I’m unsure of how things will unfold in the future, but I wanted to share (for those interested!) that I am quite active on my social media platforms, including Twitter @mrsdalcoholfree, Instagram @mrs_d_alcoholfree, and my Facebook page – Mrs D Is Going Without.
Currently, I am doing fairly well. I’m still searching for work outside the home but have faith that the right opportunity will come along soon. In the meantime, I am managing the Living Sober website, cherishing my time with my kids, and engaging in various household activities. I’m focused on taking care of my mental health through healthy eating, walking the dog, and hitting the gym. This is how I navigate my recovery by monitoring both my physical and emotional well-being and striving to maintain balance. I certainly don’t consider myself perfect (just last night, I had crackers slathered with butter and jam for dinner!), but that’s perfectly acceptable. Overall, I have made enormous strides since I decided to stop drinking.

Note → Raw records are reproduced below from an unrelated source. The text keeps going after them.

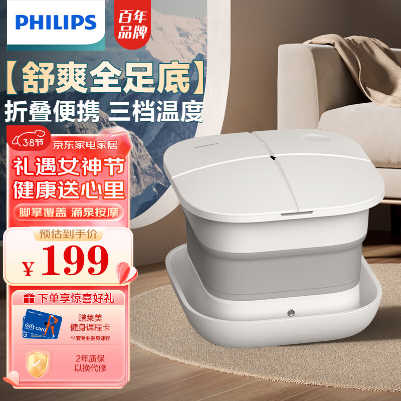 飞利浦(PHILIPS)泡脚桶加热洗脚盆加热自动按摩泡脚盆加热按摩足浴盆泡脚桶折叠洗脚桶按摩足浴桶三八妇女节礼物价格:199.00元!
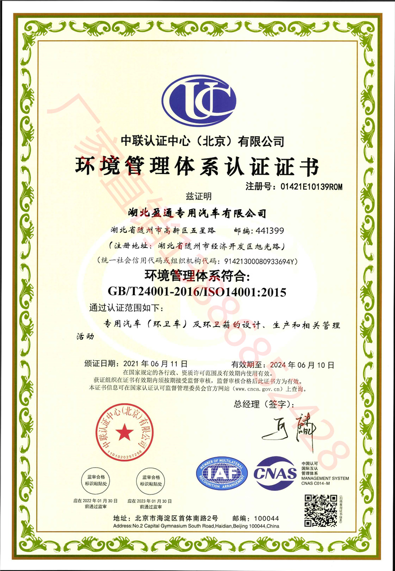 湖北盈通專用汽車有限公司| 3C認證證書原圖
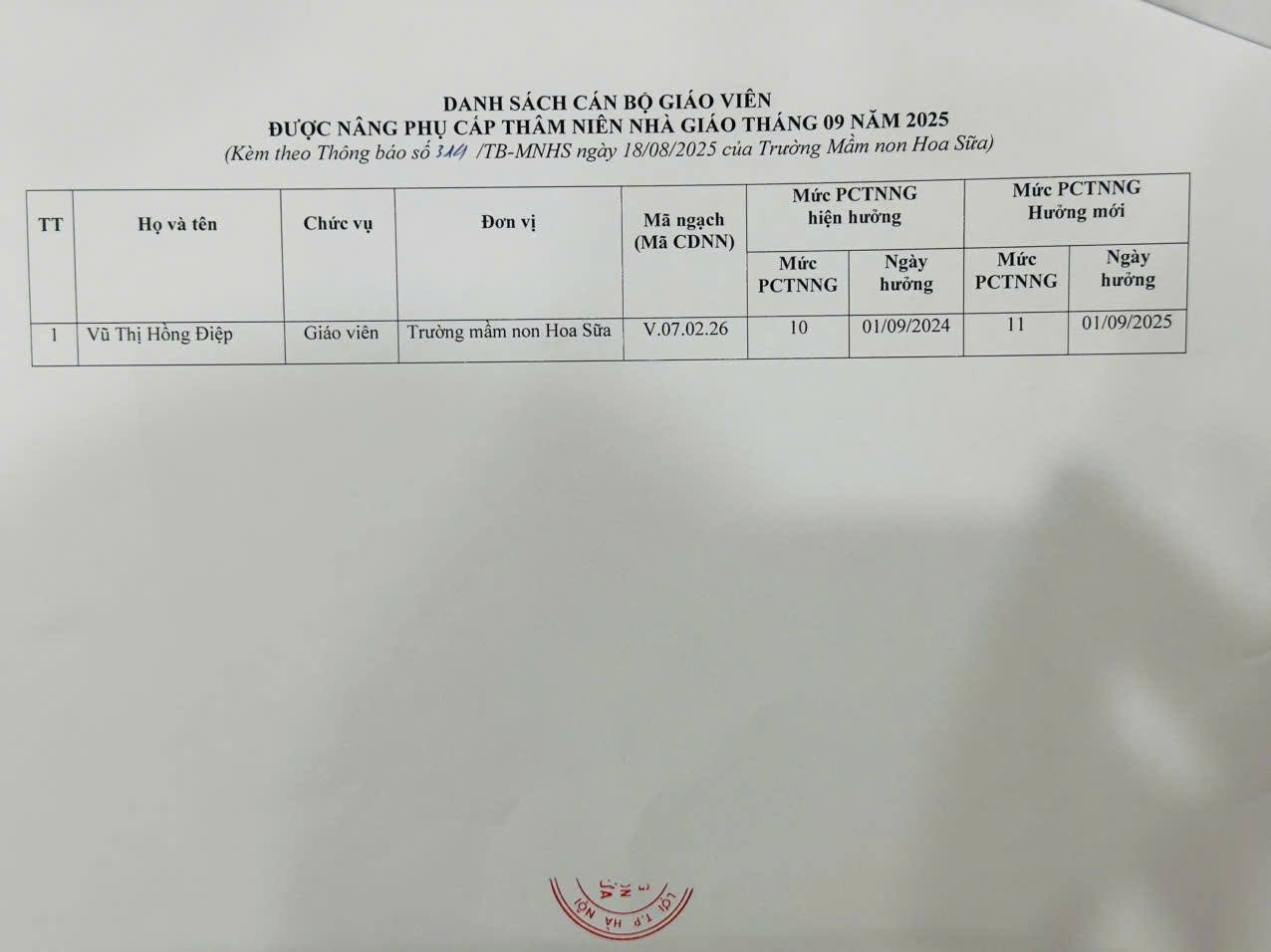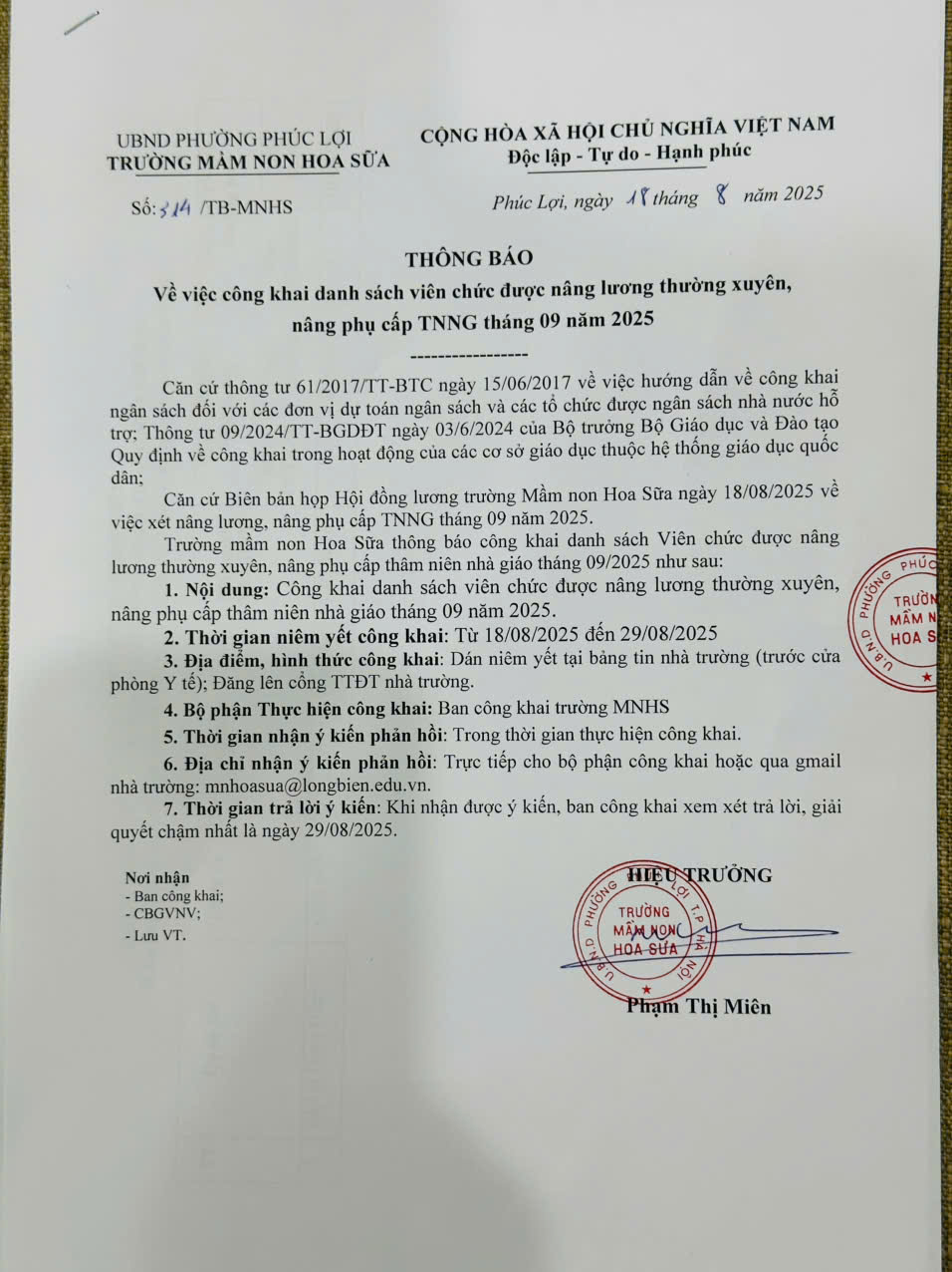 Chuyên mục: Nâng lương thường xuyên + PCTN nhà giáo Số Văn bản: 27/TB-MNHS Phòng ban: Hiệu trưởng Phạm Thị Miên
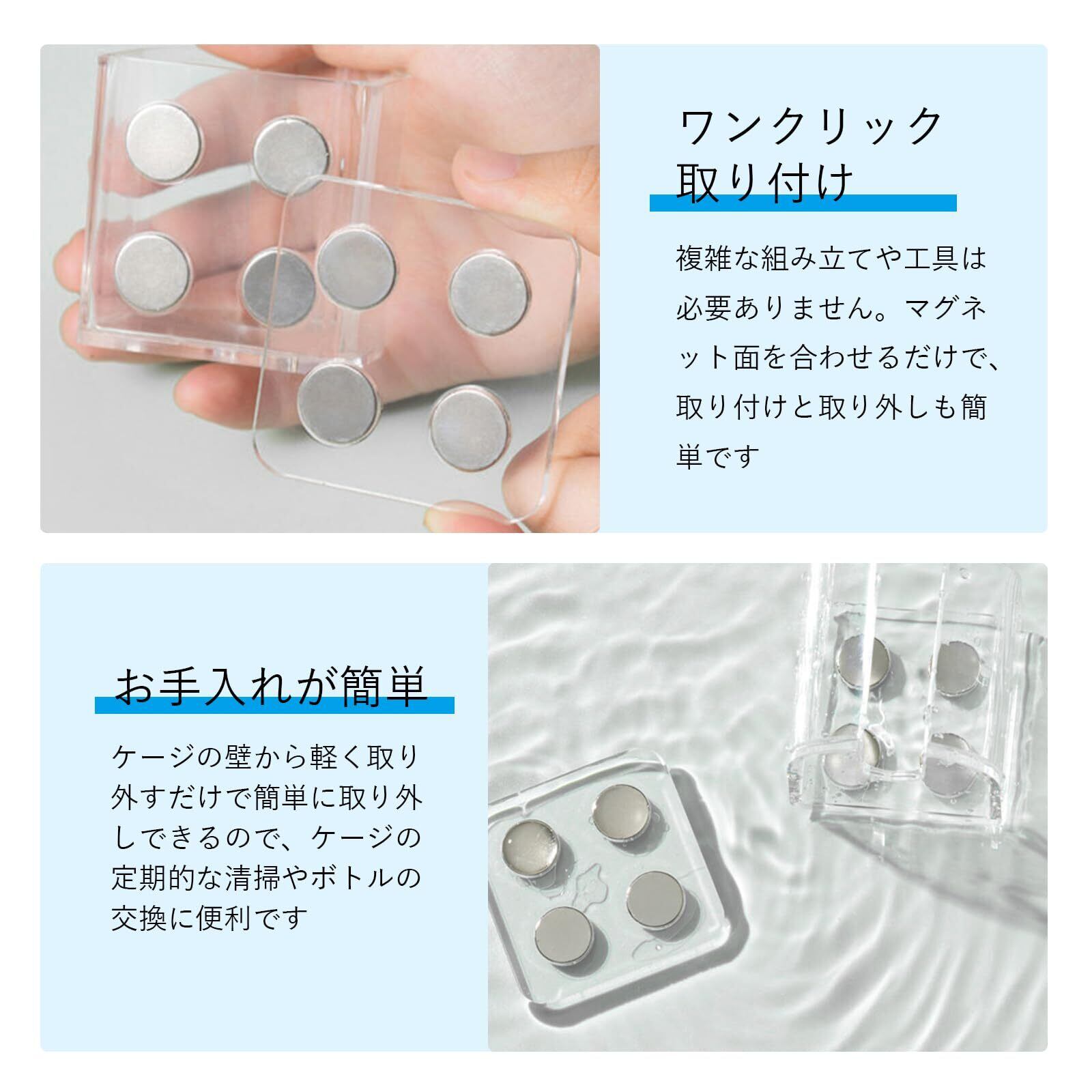 【強力な磁石デザイン】磁気吸着で、金属網のケージやアクリルケージにしっかりと固定され、工具は必要ありません。給水ボトルの位置を移動や調整することも簡単で、跡を残しません。
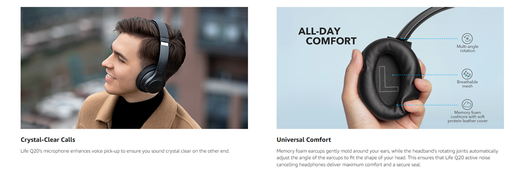 40-Hour Playtime: Life Q20 active noise canceling headphones power multiple long haul flights from a single charge with up to 40 hours of playtime in wireless ANC mode. Increase to 60 hours in standard wireless listening mode.
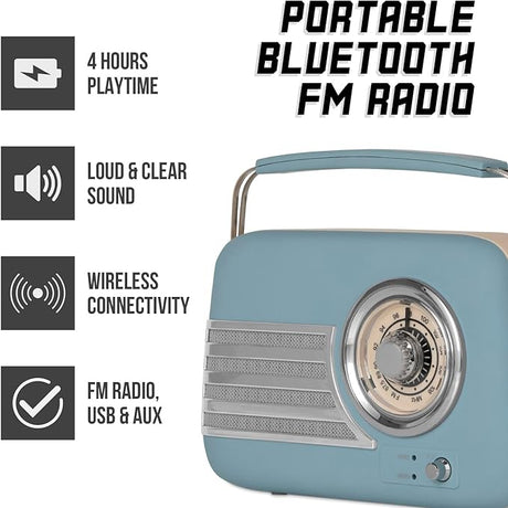 iTek AM/FM Vintage Radio With Bluetooth - Blue | I60028BLU
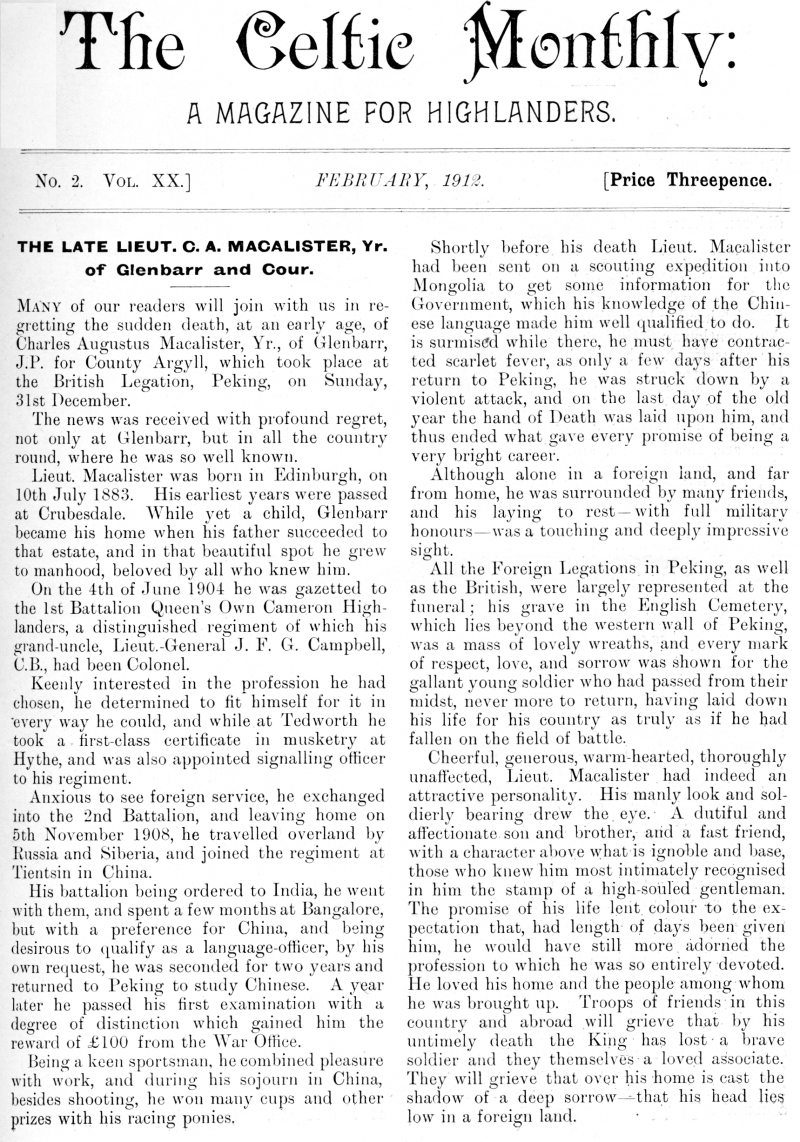 The Late Lieut. C. A. MacAlister of Glenbarr and Cour, Sketches of
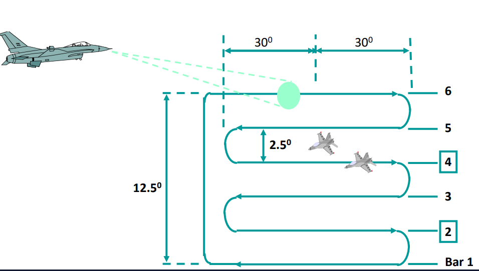* Tracking RADARs use narrow beams to follow a target in track.
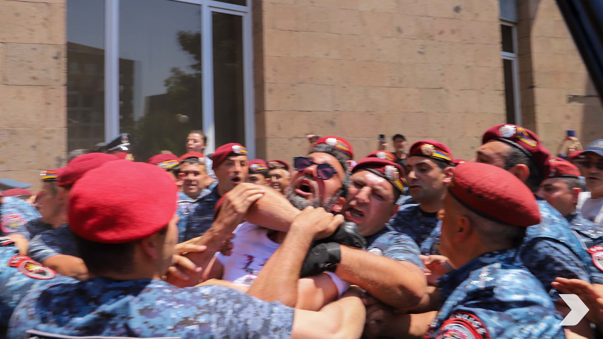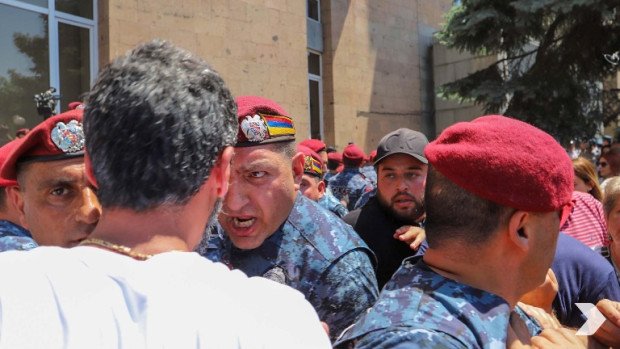 Կառավարության 3-րդ մասնաշենքի մուտքի մոտ «Դիմադրության» շարժման մասնակիցների և ոստիկանների միջև հրմշտոց սկսվեց. Ոստիկանները բիրտ ուժ կիրառելով փորձում էին թույլ չտալ ցուցարարներին մուտքը մասնաշենք: Այդ ընթացքում կարմիրբերետավորները բիրտ ուժ կիրառեցին ԱԺ «Հայաստան» խմբակցության պատգամավոր Արամ Վարդևանյանի նկատմամբ: Մասնավորապես, ոստիկաններից մեկը հետևից կողմից ձեռքով սեղմում էր պատգամավորի վիզը:
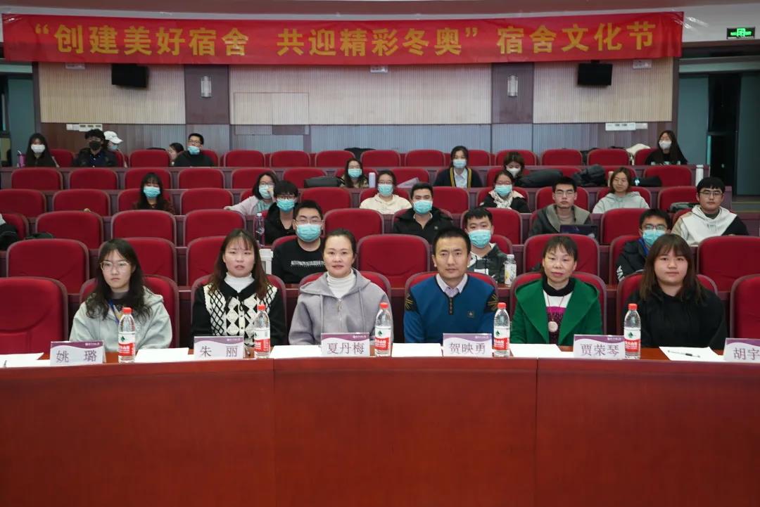 为了丰富校园文化和广大同学的课余生活,加强学风、宿风建设,形成“以校为家,以情筑寝”的良好宿舍氛围。太阳集团tyc4633于12月1日在文化会堂举办了“创建美好宿舍,共迎精彩冬奥”主题宿舍文化节。太阳集团tyc4633团委书记夏丹梅老师、院辅导员贺映勇老师、保研辅导员朱丽老师、宿舍管理员贾荣琴阿姨、员工会主席团成员胡宇姮、姚璐担任本次评委。

I’ve fully come to terms with being an addict, recognizing that anything that triggers dopamine in my brain is like kryptonite to me. Thus, I avoid these stimuli (alcohol consistently, and sugar and flour about 90% of the time) because when I do, I experience freedom from cravings and compulsions, which is a much happier state for me. How mature of me!
Being sober is fantastic. I’ve become completely comfortable in my sober skin and can’t envision a life saturated with wine like it once was. I’m beyond thrilled to have removed alcohol from my life. I look at those who drink and see nothing that I feel I’ve missed out on. Perhaps that’s because I’ve forgotten the allure of the intoxicating liquid, but honestly, I don’t mind. Life, in its unfiltered state, is amazing. It’s daring, rebellious, gritty, authentic, grounded, and deeply rewarding. I have gained so much.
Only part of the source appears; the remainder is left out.